Am I Visible?
People always ask me how life in Africa compares with life in America. I have to say there’s little comparison. Basically everything is different, from driving on the opposite side of the roads to the patterns of stars in the night sky. Being a nurse, I am always interested to compare differences in the ways of practicing medicine as well, and have gone into emergency rooms several times to observe the care of patients we’ve taken to the hospital.
Recently I went to see my doctor with 3 concerns I had with my skin. I was referred to a dermatologist across town. Appointments are never needed, you just go and wait in line (not much different from having an appointment and waiting 2 hours past time to see the doctor!), so medical referrals are usually an all-day affair. Another thing is that doctors never do even the most minor surgical procedure in their offices. Offices are often in crowded little storefront rooms, and equipment is costly. So when I saw the dermatologist, he referred me on to a surgeon at a hospital for excisions and biopsies.
When I found the small hospital I noticed there was a nice outpatient department next door. I figured correctly that this is where I’d find the surgeon. I was in luck, he was just coming out of surgery, and I got in to see him within about 20 minutes of my arrival. He examined me and said only one of my skin problems needed to be biopsied, and of course he also did not do such things in his office. We walked over to the hospital proper where surprisingly, I was taken into the operating “theatre” as it’s called here, where I had to strip down and put on a hospital gown. All this to have a small growth removed from my upper arm.
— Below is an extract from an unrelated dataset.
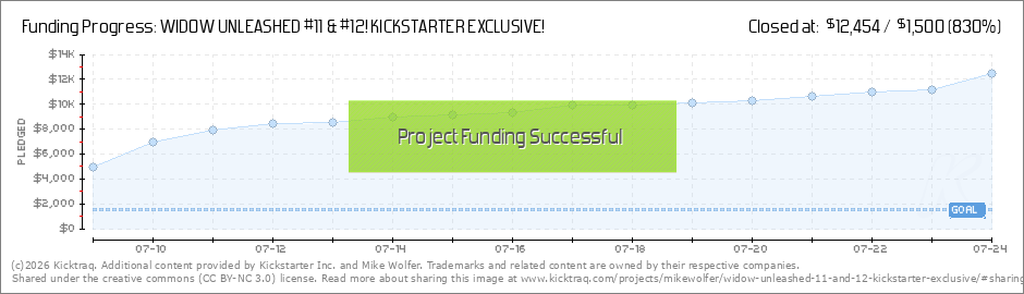 First, a HUGE THANK YOU to everyone who has become a backer on this big first day of the WIDOW UNLEASHED #11 & #12 Kickstarter campaign! So far this has been the second strongest first day of any WIDOW UNLEASHED campaign yet, so I thank you for... (Read More)

As I laid down on the operating table with a doctor, 2 nurses, and bright lights shining on me, even as I was chatting with them, I was thinking 2 things to myself: 1) Here I am, in an operating room in Africa, and not a soul knows where I am, and 2) Wow! I guess this is practice for when I will have my knee replacement surgery! My arm was numbed up and an inch of my skin was removed, which the doctor and I then examined before he sent it off for the biopsy. Later I got the negative results.
When the surgeon discovered I was a nurse, he said he’d wondered, because when he’d been about to ask me certain questions, I’d given him the answers before he could ask. I’ve found this same thing true with meeting fellow believers in Christ. There are things we say and do, not even consciously, that alert other believers to our kinship.
Usually Ugandans pay no attention to the pictures or writing on T- shirts. They don’t make statements to others as they do to Americans. So it can be kind of funny when you see a church usher wearing a Jim Beam T-shirt, or some off-color slogan. This same day I was running around for my medical referrals, I happened to be wearing a red Calvary Chapel T-shirt. I was surprised by several people acknowledging it, one a fellow Calvary Chapel member, who was also wearing one. When I was finished with the hospital, I walked in to a canteen to find a friend who was waiting for me. One of the waiters in the canteen brightened up when I walked in and said, “Here’s a muzungu, let her pay for it!” I didn’t hear the forerunner to that statement but since a common attitude is that a muzungu (white) is always rich, I was a bit annoyed, and I diverted his statement. Later my friend told me that as I left, another waitress had commented (due to my T-shirt) that I was a “born again,” and that he also needed to know Jesus and get his act together.
So my T-shirt gave opportunity for someone else to witness to an unsaved person.
At another point in my busy day, I’d walked 2 blocks down to Kampala Rd, the main street through downtown Kampala to meet someone. It was a busy intersection, traffic cops managing the congestion, and as I stood on the corner waiting for my friend, I thought to myself, “I’m sure glad I wore this red shirt today, so I’ll be easy to spot.” The fact that I was the only white person on the street never entered my mind. I’m never hard to spot in Uganda!
As true believers in Jesus, we should never be hard to spot, no matter where we are.